The Sleepover Parent Guide
A fun premise and fine acting can't compensate for serious plot holes.
Parent Movie Review
The Finches are an average suburban family, or at least that’s what they appear to be. After their parents are kidnapped by criminals, Clancy (Sadie Stanley) and Kevin (Maxwell Simkins) learn that their mom, Margot (Malin Akerman), is a former thief who has been living in the witness protection program after testifying against a criminal mastermind. While being forced to carry out one last job with her former partner, Leo (Joe Manganiello), Margot leaves clues behind for her children to follow so they can, hopefully, save the day.
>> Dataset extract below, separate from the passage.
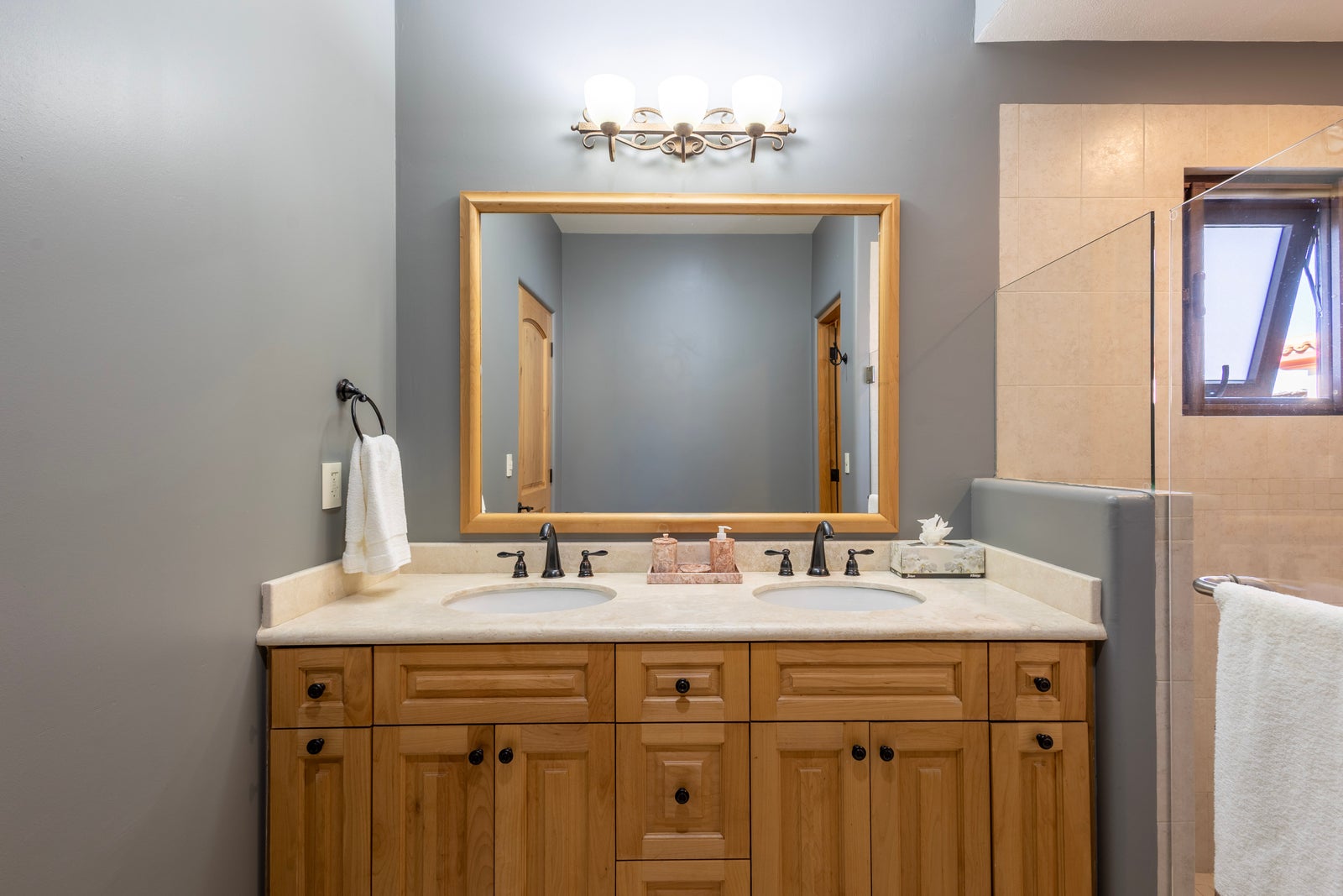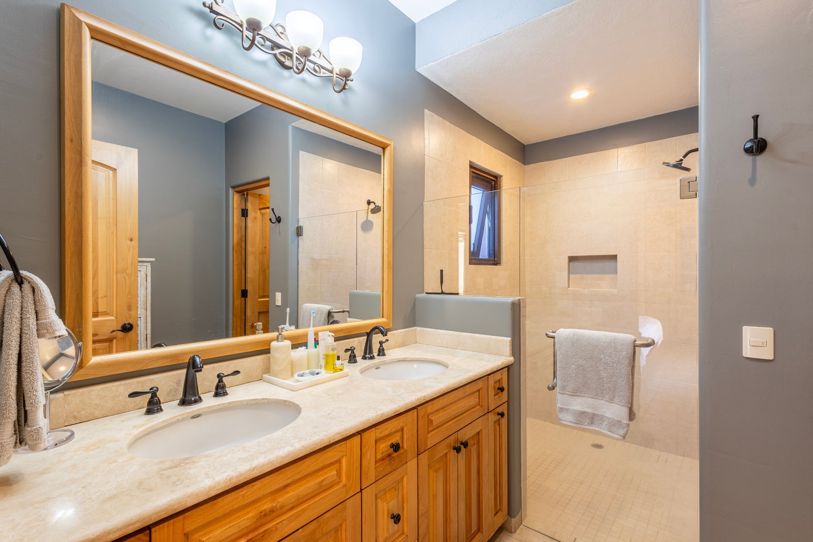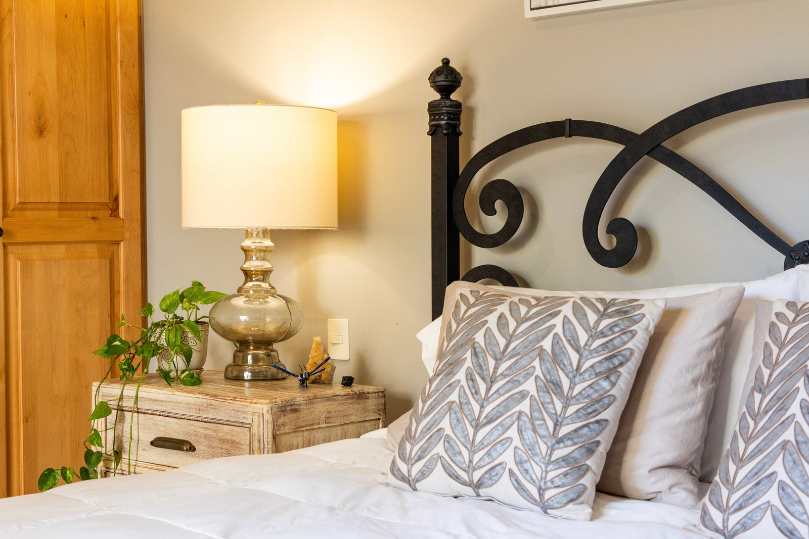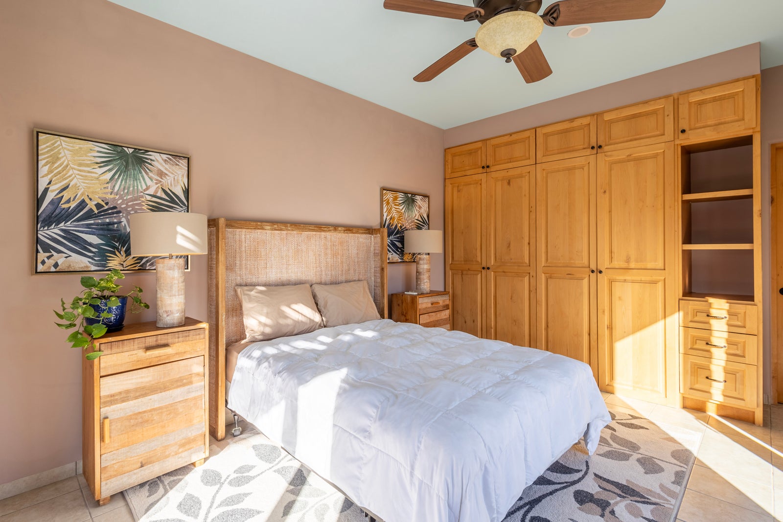 The primary bedroom is conveniently located on the ground level and comfortably accommodates king sized furnishings. It features custom built-in cabinetry, abundant storage, and a spacious ensuite bathroom. A second bedroom on the main level also includes a private ensuite with a relaxing soaker tub.
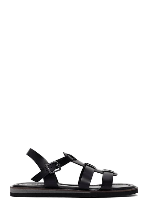 Kadın Siyah Bilekten Bantlı Deri Comfort Sandalet

The Sleepover is one of those movies that demands a great deal of suspension of disbelief. The story makes a lot of illogical choices, both in the plot and in the action. The writers seem to have bent over backwards to make sure the kids don’t get any adult help on their adventure, which includes them willfully choosing to not accept the help of a US Marshal, even though he is working toward the same goal. There is also a car chase scene where a minivan is able to easily keep up with a sports car. Minivans may be practical, but fast they are not. I’m ok with some suspension of disbelief, especially in a family film, but the illogical nature of parts of the story made it frustrating to watch. Along with that, The Sleepover can’t seem to decide what genre it wants to be. It tries to be both a treasure hunt and a heist at the same time, without fully committing to either. It feels disjointed and muddled. Perhaps a director with a stronger vision could have given this promising premise more life on screen.
There are positives to be found in this production, however. The cast has a few bright spots, including Maxwell Simkins, who brings a surprising amount charm and natural comedic talent for an actor so young. Ken Marino is obviously having a blast playing the children’s awkward father, Ron. Considering what he was given to work with, he does a fine job of juggling his role as both the grounding presence and the comic relief in the family. Clancy’s best friend, Mim (Cree Cicchino), is also a standout from both a character and acting perspective.
Where the film really fails, at least in my opinion, is in its themes. I think the intention is to send the message that crime doesn’t pay, and that normal life isn’t boring. The message I got, however, is that crime leads to exciting adventures, wealth, and excitement and normal suburban life is monotonous. Along with not knowing what genre it is, this movie can’t seem to decide what it wants to teach its audience.
The Sleepover is not necessarily a bad movie. It’s a passable attempt at family entertainment and it’s sufficiently funny to be watchable, but it has enough glaring flaws and content concerns that I wouldn’t recommend adding it to the top of your Netflix queue.Directed by Trish Sie. Starring Sadie Stanley, Maxwell Simkins, Malin Akerman, Ken Marino. Running time: 103 minutes. Theatrical release August 21, 2020. Updated August 21, 2020
Watch the trailer for The Sleepover
Rating & Content Info
Why is The Sleepover rated TV-PG? The Sleepover is rated TV-PG by the MPAA
Violence: Numerous fight scenes including hand to hand combat, fighting with a metal pole, and throwing various objects. Characters are seen holding guns and threatening to shoot them, though no people are actually shot. A chandelier falls on someone, knocking them out. A man is knocked out by a kick to the head. A man has a knife held to his throat. Some unoccupied cars accidently explode. There is a car chase scene that ends in a minor crash. No blood or major injuries are ever shown.
Sexual Content: A boy looks at a teen girl’s behind and his sister tells him to “stop being a perv”. A boy carries a teen girl on his back and later tells his friend he “felt boob”. A reference to a cavity search. A married couple kiss. A man kisses a married woman in front of her husband.
Profanity: Some mild insults including loser, freak, nerd, and weird. Over 20 uses of terms of deity.
Alcohol / Drug Use: Teens at a party are seen holding plastic cups in the background, but there is no indication of whether the drinks are alcoholic or not.
Page last updated August 21, 2020
The Sleepover Parents' Guide
Why did Margot give up her life of crime? What did she gain by doing that? What consequences do the criminals in this movie face?